I have this sample dataset
province region_vn region_en sub_region_vn sub_region_en province_latin
<chr> <chr> <chr> <chr> <chr> <chr>
1 Điện Biên Bắc Bộ Northern Tây Bắc Bộ Northwest Dien Bien
2 Lạng Sơn Bắc Bộ Northern Tây Bắc Bộ Northeast Lang Son
How do I join the two sub_region_en
of Northwest
and Northeast
and rename it to Northern midlands and mountain areas
?
The outcome would be
province region_vn region_en sub_region_vn sub_region_en province_latin
<chr> <chr> <chr> <chr> <chr> <chr>
1 Điện Biên Bắc Bộ Northern Tây Bắc Bộ Northern midlands and mountain areas Dien Bien
2 Lạng Sơn Bắc Bộ Northern Tây Bắc Bộ Northern midlands and mountain areas Lang Son
I would appreciate any help.
CodePudding user response:
For example, if your dataset is called "df"

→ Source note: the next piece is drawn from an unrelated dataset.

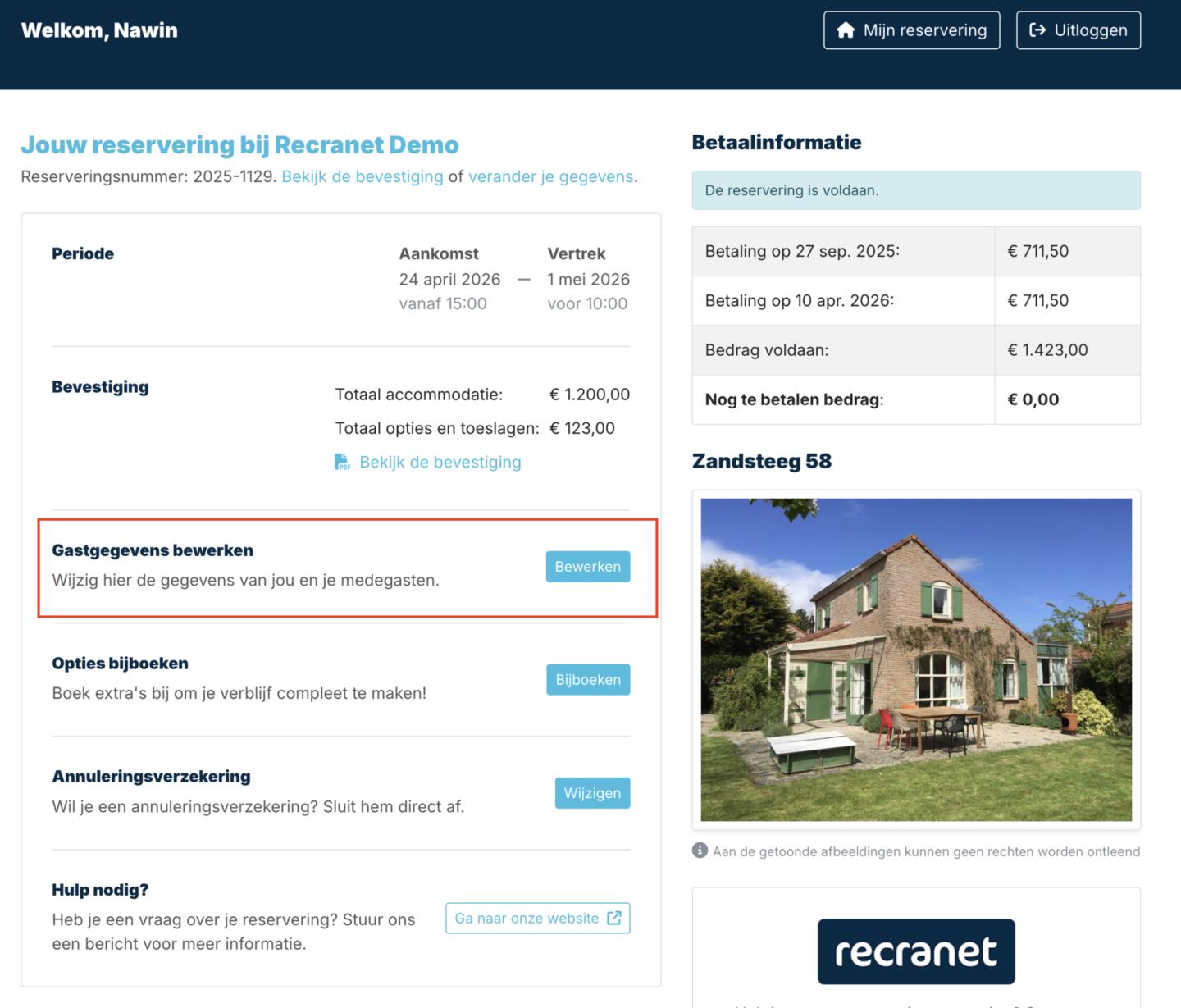 Met deze update is er een nieuwe knop toegevoegd in de gastenomgeving: "Bewerk gastgegevens". Gasten zien in het reserveringsoverzicht zo direct de knop om hun gegevens aan te passen. Deze optimalisatie maakt het meteen helder waar de gast zijn gastgegevens of de gegevens van de medegast aan kan passen, net zoals dit al duidelijk is aangegeven bij opties, toeslagen of de annuleringsverzekering.

You can simply do the following:
for(i in 1:dim(df)[1]){
if(df$sub_region_en[i] %in% c("Northwest", "Northeast")){
df$sub_region_en[i] <- "Northern midlands and mountain areas"
}
}
CodePudding user response:
Another option is to use regular expressions to identify the pattern, and then use gsub()
function to substitute the pattern. Here is the step:
# A simplified version of your data
yourdf <- structure(list(region_en = c("Northern", "Northern"), sub_region_en = c("Northwest",
"Northeast")), class = "data.frame", row.names = c(NA, -2L))
yourdf
# region_en sub_region_en
#1 Northern Northwest
#2 Northern Northeast
# Substitute the data
yourdf$sub_region_en <- gsub("Northwest|Northeast",
"Northern midlands and mountain areas",
yourdf$sub_region_en)
# The result
yourdf
# region_en sub_region_en
#1 Northern Northern midlands and mountain areas
#2 Northern Northern midlands and mountain areas